**WHAT IS NEEDED:** Word for word, copy the data that follows and skip its pictures.

**TASK INPUTS:**
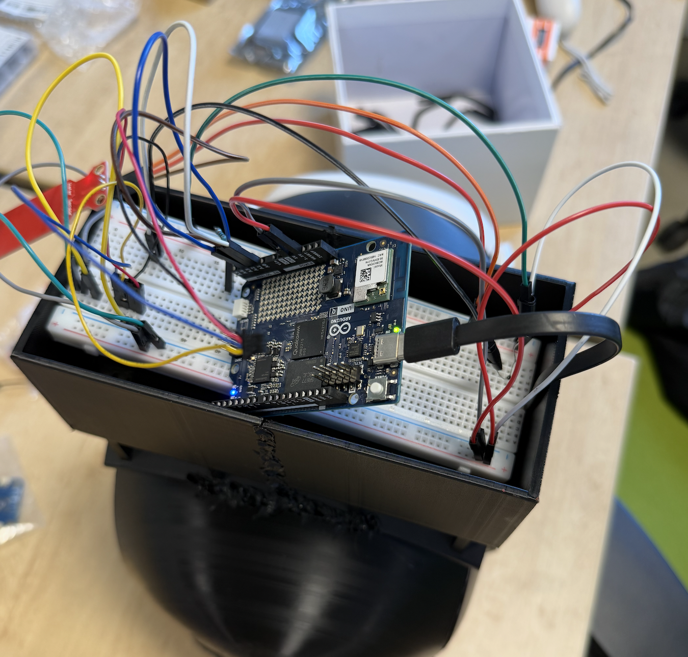 Serial doesn't work like a normal Arduino. Serial.println() on the UNO Q doesn't go to USB — it routes internally to the Qualcomm chip. We had to learn the Bridge RPC system (Bridge.provide() on the STM32 side, Bridge.call() on the Python side) before any sensor data was visible. The serial monitor in App Lab only shows 9600 baud and the output appears in the Python Shell tab, not the Serial Monitor tab.
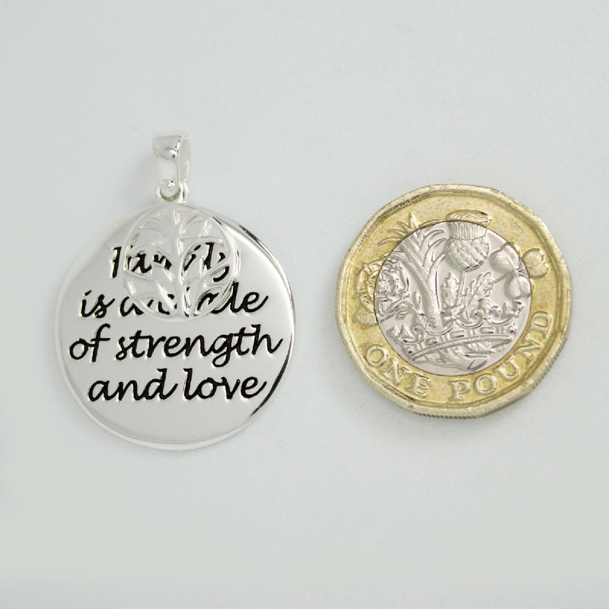 925 SOLID STERLING SILVER ";FAMILY IS A CIRCLE OF STRENGTH AND LOVE PENDANT [ENDED]
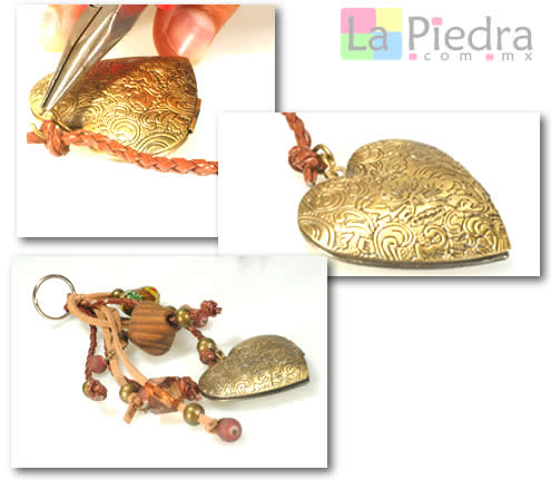 Vamos a tomar a nuestro dije mas grande en este caso el corazón color bronce como dije principal el cual será el mas llamativo en nuestra pieza, solamente colocamos una argolla y sobre la misma realizamos un nudo en la piel trenzada y listo! hemos terminado nuestro llavero, este modelo es un clásico el cual lo puedes realizar de los colores que gustes.
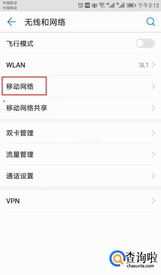 弹出的界面,我们点击移动网络;
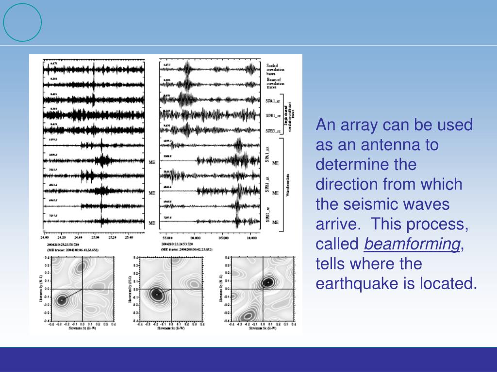 An array can be used as an antenna to determine the direction from which the seismic waves arrive. This process, called beamforming, tells where the earthquake is located.
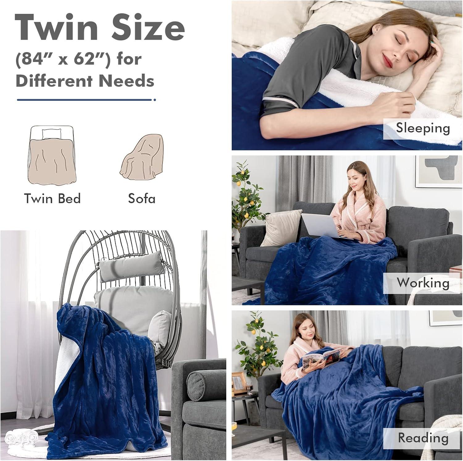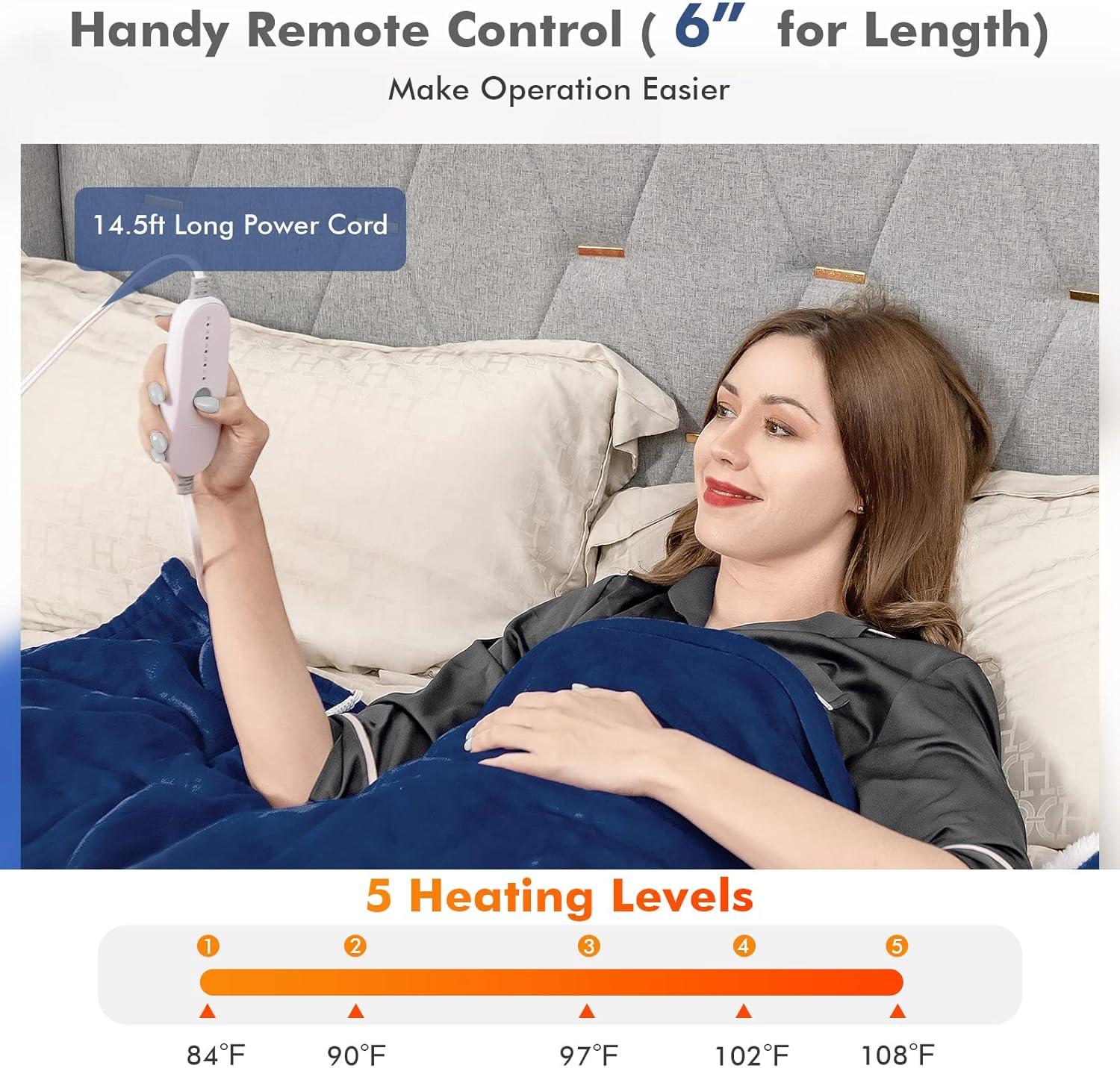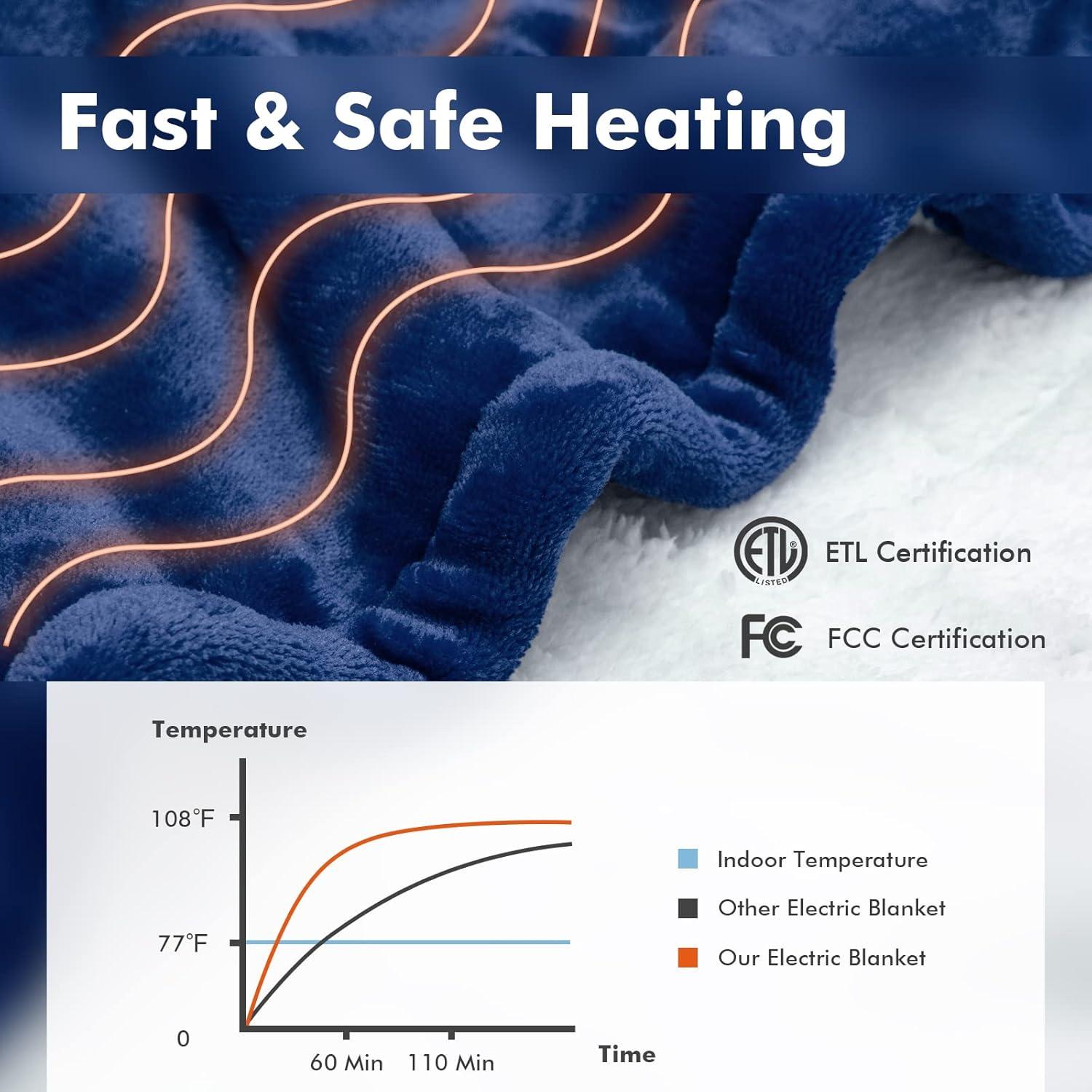 Description: Measuring 84” x 62” (L x W) in size, this heating blanket with 10H auto shut-off provides you with a large coverage area whether you are sleeping or working. And this heating blanket is constructed of a soft flannel cover, fast heating wires and skin-friendly Sherpa fabric to bring maximum comfort while distributing the heat evenly. Moreover, you can choose the suitable temperature from 5 heating levels based on your preference. And the built-in thermostat will keep the heated blanket at the temperature you set. Please don't worry about any security issues. The ETL and FCC approved heating blanket features overheat protection and electrocution prevention function for safe protection. If you want to make this heating blanket brand new, just disconnected the 14.5ft power cord and then put the blanket into the machine for easy cleaning. Features: Safe to use with overheat protection and electrocution prevention ETL certification and FCC certification for additional safety Easily adjust between 5 heat levels from 84℉ to 108℉ through the controller Will automatically shut off after 10 hours of operation Built-in thermostat for uninterrupted warmth and energy-saving Soft flannel cover and skin-friendly Sherpa fabric for ultimate comfort Flexible to use thanks to the 14.5ft power cord Disconnect the power cord for machine washing Can be used as a normal blanket by disconnecting the controller Specifications: Material: Flannel, Sherpa Fabric Size: 84” x 62” (L x W) Length of Power Cord: 14.5ft Length of Controller: 6” Net Weight: 4 lbs Voltage: 120V Frequency: 60Hz Power: 100W Package Includes: 1 x Heated Blanket 1 x Controller 1 x Instruction

**WRITTEN ANSWER:**
 Serial doesn't work like a normal Arduino. Serial.println() on the UNO Q doesn't go to USB — it routes internally to the Qualcomm chip. We had to learn the Bridge RPC system (Bridge.provide() on the STM32 side, Bridge.call() on the Python side) before any sensor data was visible. The serial monitor in App Lab only shows 9600 baud and the output appears in the Python Shell tab, not the Serial Monitor tab.
 925 SOLID STERLING SILVER ";FAMILY IS A CIRCLE OF STRENGTH AND LOVE PENDANT [ENDED]
 Vamos a tomar a nuestro dije mas grande en este caso el corazón color bronce como dije principal el cual será el mas llamativo en nuestra pieza, solamente colocamos una argolla y sobre la misma realizamos un nudo en la piel trenzada y listo! hemos terminado nuestro llavero, este modelo es un clásico el cual lo puedes realizar de los colores que gustes.
 弹出的界面,我们点击移动网络;
 An array can be used as an antenna to determine the direction from which the seismic waves arrive. This process, called beamforming, tells where the earthquake is located.
 Description: Measuring 84” x 62” (L x W) in size, this heating blanket with 10H auto shut-off provides you with a large coverage area whether you are sleeping or working. And this heating blanket is constructed of a soft flannel cover, fast heating wires and skin-friendly Sherpa fabric to bring maximum comfort while distributing the heat evenly. Moreover, you can choose the suitable temperature from 5 heating levels based on your preference. And the built-in thermostat will keep the heated blanket at the temperature you set. Please don't worry about any security issues. The ETL and FCC approved heating blanket features overheat protection and electrocution prevention function for safe protection. If you want to make this heating blanket brand new, just disconnected the 14.5ft power cord and then put the blanket into the machine for easy cleaning. Features: Safe to use with overheat protection and electrocution prevention ETL certification and FCC certification for additional safety Easily adjust between 5 heat levels from 84℉ to 108℉ through the controller Will automatically shut off after 10 hours of operation Built-in thermostat for uninterrupted warmth and energy-saving Soft flannel cover and skin-friendly Sherpa fabric for ultimate comfort Flexible to use thanks to the 14.5ft power cord Disconnect the power cord for machine washing Can be used as a normal blanket by disconnecting the controller Specifications: Material: Flannel, Sherpa Fabric Size: 84” x 62” (L x W) Length of Power Cord: 14.5ft Length of Controller: 6” Net Weight: 4 lbs Voltage: 120V Frequency: 60Hz Power: 100W Package Includes: 1 x Heated Blanket 1 x Controller 1 x Instruction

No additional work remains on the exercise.